Saudi Arabia to primarily cut heavy oil production – BofA Merrill Lynch

2017-01-16

Saudi Arabia to primarily cut heavy oil production – BofA Merrill Lynch

Saudi Arabia, a producer of medium to heavy crude oil, should account for 40 per cent of the pledged cut, reducing output from 10.63 million b/d in November to 10.05 million b/d by 2Q17.

Crude oil light-heavy spreads have widened over the past couple of years following Saudi’s decision to engage in a market share war with the US shale industry.

The US shale oil industry lost 990 thousand b/d of production between 2Q15 and 4Q16, suggesting that the global crude slate turned more heavy throughout that period.

Over the past 25 years, Saudi deliberately cut its crude production in 1999, 2002 and 2009. In each of these three episodes, the share of light crude production has increased at the expense of medium grade output. The historical pattern to sell more profitable (light) grades should be no different or even more pronounced this time around as the kingdom needs to maximize its revenues in this low price environment.

Saudi crude exports to the US have already decreased significantly in December, against the seasonal patterns.

Output in Libya, the main producer of light-sweet crude in the region has seen a remarkable rebound from 280 thousand b/d in August 2016 to almost 700 thousand b/d this month. Bank of America Merrill Lynch expects crude output to reach 900 thousand b/d by the end of the year as Libya, together with Nigeria is exempt from the OPEC deal. However, this number could be reached much earlier.

Growing light crude oil supplies combined with fewer medium to heavy barrels will mechanically lead to a structural narrowing in the light-heavy crude spreads around the globe. In fact, the Brent-Dubai spread already narrowed since 2Q16 on strong buying interest of Middle Eastern crudes from Asian refiners and has recently reached the lowest level since October 2015.

Brent-Dubai forward spreads are currently trading at a premium to spot spreads but this trend should reverse in the coming weeks.

“As we highlighted early last year, crude oil light-heavy spreads have widened over the past couple of years following Saudi’s decision to engage in a market share war with the US shale industry.
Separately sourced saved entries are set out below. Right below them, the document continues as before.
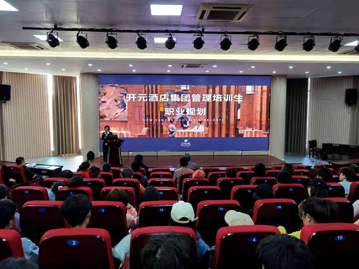 座谈结束后,总一行在院长金声琅等的陪同下参观了旅游管理省级示范实验教学中心。随后,在文端二楼报告厅面向毕业班学生开展了《开元酒店集团管理培训生职业规划》宣讲
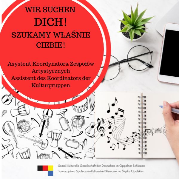 Towarzystwo Społeczno-Kulturalne Niemców na Śląsku Opolskim, największa organizacja pozarządowa w regionie, poszukuje pracownika do biura Zarządu na stanowisko Asystenta Koordynatora Zespołów Artystycznych.
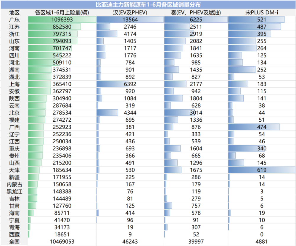 至于主攻10-20万元区间的秦系列,虽然广东省依然是领跑地位,但其在全国其它区域的销量分布明显均衡了很多,北上广江浙依然是Top 5,但五大市场在全国的占比只有四成多一点,和采用增程式的理想ONE更为接近。
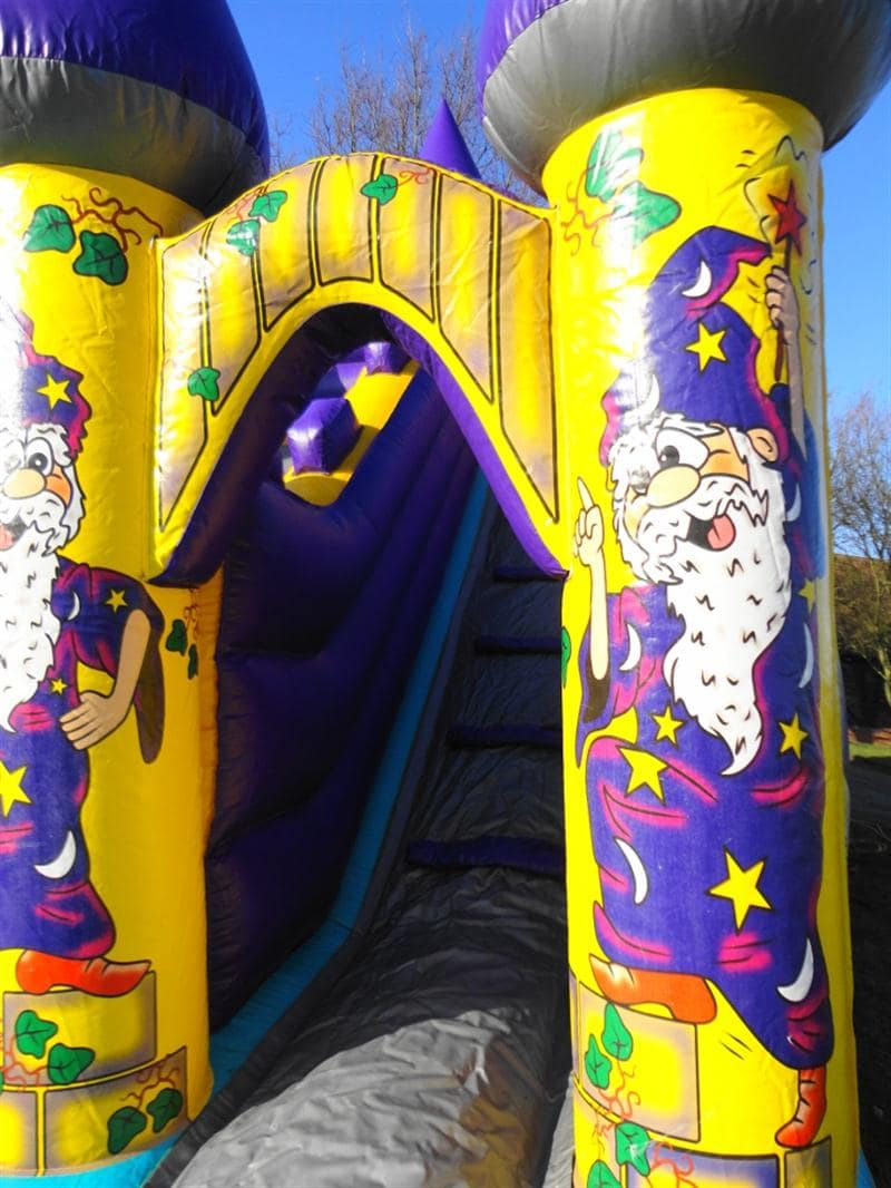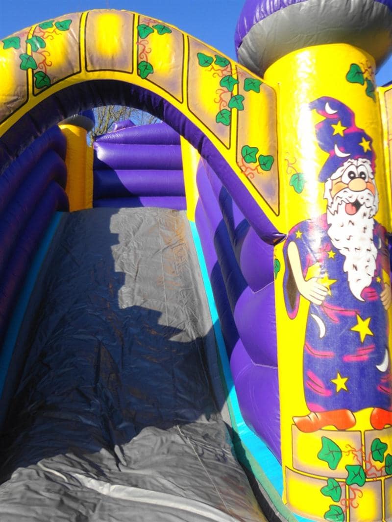 Exquisite Giant Slide with a Ten Foot Platform and steep pitch for a fast ride! Has a Foam ladder, which is kinder to your feet and a cartoon Wizard Theme.

Surging OPEC output has increased the availability of medium to heavy crude grades while US light sweet production was forced to shut down on unsustainable economics. Now the tables are turning. On November 30, OPEC agreed to cut output and some non-OPEC nations followed suit on December 10, setting the stage for another shift in global crude oil gravity. Saudi Arabia, a producer of medium to heavy crude oil, should account for 40 per cent of the pledged cut, reducing output from 10.63 million b/d in November 2016 to 10.05 million b/d by 2Q17,” said the report.

“The key question is whether Saudi will cut output evenly among its three main crude grades or favor some over others. The historical pattern to sell more profitable (light) grades should be even more pronounced this time around as the kingdom needs to maximize revenues in this low price environment. Elsewhere, whether it is Libya, the US, Russia or even Canada, the share of light oil relative to medium oil supplies is poised to increase in the coming months. For US refiners, the average crude slate is set to return to the patterns seen during the shale oil boom and become lighter. In fact, given the narrowing light-heavy spreads, and potential tax reform on imports and exports from the new administration, US refiners may be encouraged to import less crude, process a lighter crude slate and export more gasoline to meet growing EM demand.

“In our view, such a shift in the global crude quality is not fully reflected in the market at the moment. Brent-Dubai forward spreads are currently trading at a premium to spot spreads but this trend should reverse in the coming weeks. Similarly in the US, the LLS-Mars spread has more room to tighten in our view, especially in 4Q17, when demand for distillate products picks up seasonally. Naturally, our view implies that OPEC complies with its pledged curtailments, and that WTI crude oil prices increase to the mid to high $50’s, allowing US light-sweet production to rebound gradually.”